/---

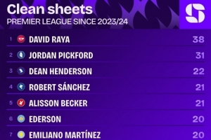本場過后,從23-24賽季算起(注:拉亞在2023年夏天加盟阿森納),拉亞在英超比賽中已38次零封對手,該統(tǒng)計數據排在同期英超各隊門將榜首(排在第2、第3位的分別是皮克福德,迪恩-亨德森)。
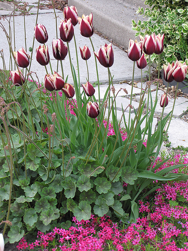 Leen Van der Mark Tulip will grow to be about 16 inches tall at maturity, with a spread of 14 inches. When grown in masses or used as a bedding plant, individual plants should be spaced approximately 6 inches apart. It grows at a medium rate, and under ideal conditions can be expected to live for approximately 10 years. As an herbaceous perennial, this plant will usually die back to the crown each winter, and will regrow from the base each spring. Be careful not to disturb the crown in late winter when it may not be readily seen! As this plant tends to go dormant in summer, it is best interplanted with late-season bloomers to hide the dying foliage.
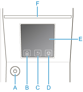 Mostra os menus da impressora e o status e as mensagens da impressora. É possível selecionar itens de menu e exibir botões tocando suavemente na tela com a ponta do dedo.
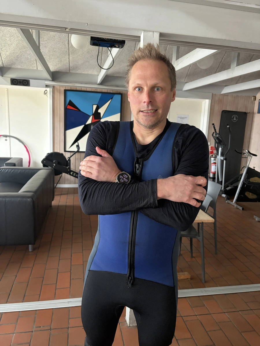 Rasmus valgte at falde i vandet ud for klubben efter en god tirsdagsrotur. Vandet er 5 grader varmt. Tillykke med titlen
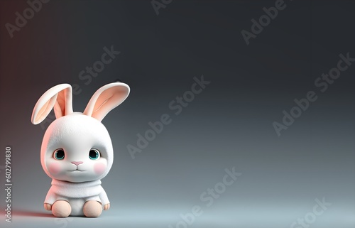 © Pligo, Obraz premium Fondo oscuro con conejito tierno 3d render realista. Generado con tecnología IA
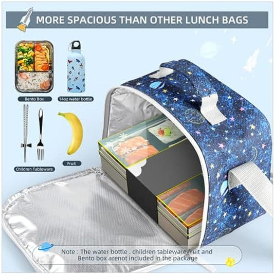 Lancheira infantil isolada, lancheira com alça de ombro, bolso frontal, lancheira perfeita para meninos e meninas, estudantes pré-escolares (azul)
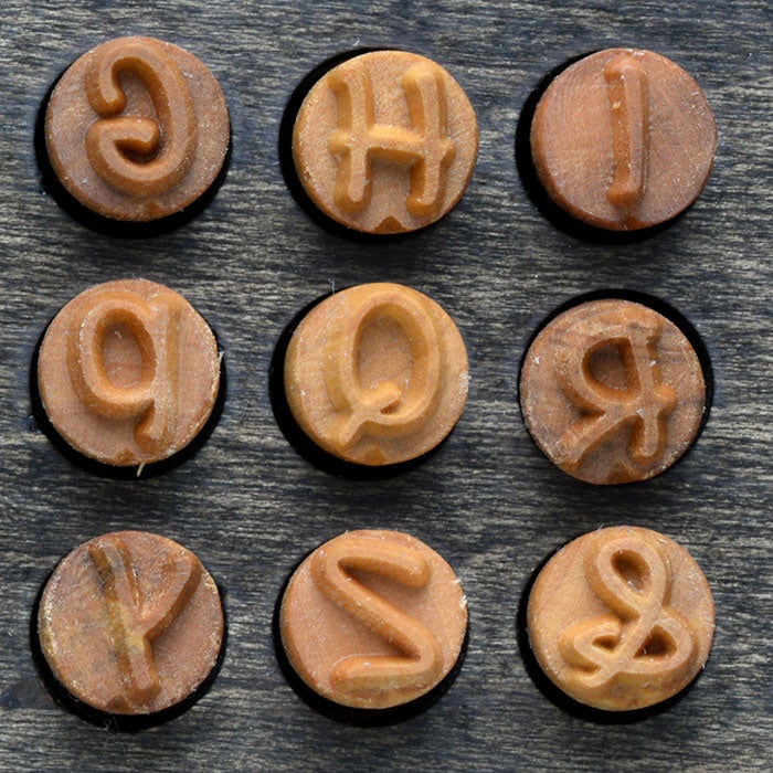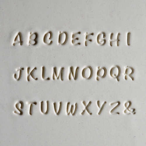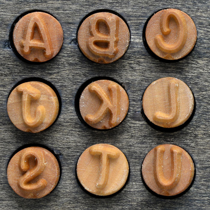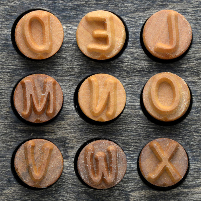 Mom's Fridge Notes Upper Case Font Sets are 1.5 cm (0.6 inches) in diameter. The actual letter varies in size with each stamp. The font stamps can be used to create patterns on any soft medium, including natural clay. Each stamps set includes 26 Upper Case stamps and an ampersand. Each stamp has a small notch at the bottom of each letter to help make it easier to align the stamp. Each stamp is beautifully bevel carved to make deep impressions and aid in releasing easily from the clay. All stamps are finished with tung oil to give them durability and many years of use.

\---

■ **TASK BRIEF**: Would you give again, exactly, the lines in the data above that run from the line containing "Rasmus valgte at" to the line containing "con tecnología IA"? Include both ends and no pictures.

■ **ANSWER TO THE PROBLEM**:
 Rasmus valgte at falde i vandet ud for klubben efter en god tirsdagsrotur. Vandet er 5 grader varmt. Tillykke med titlen
 © Pligo, Obraz premium Fondo oscuro con conejito tierno 3d render realista. Generado con tecnología IA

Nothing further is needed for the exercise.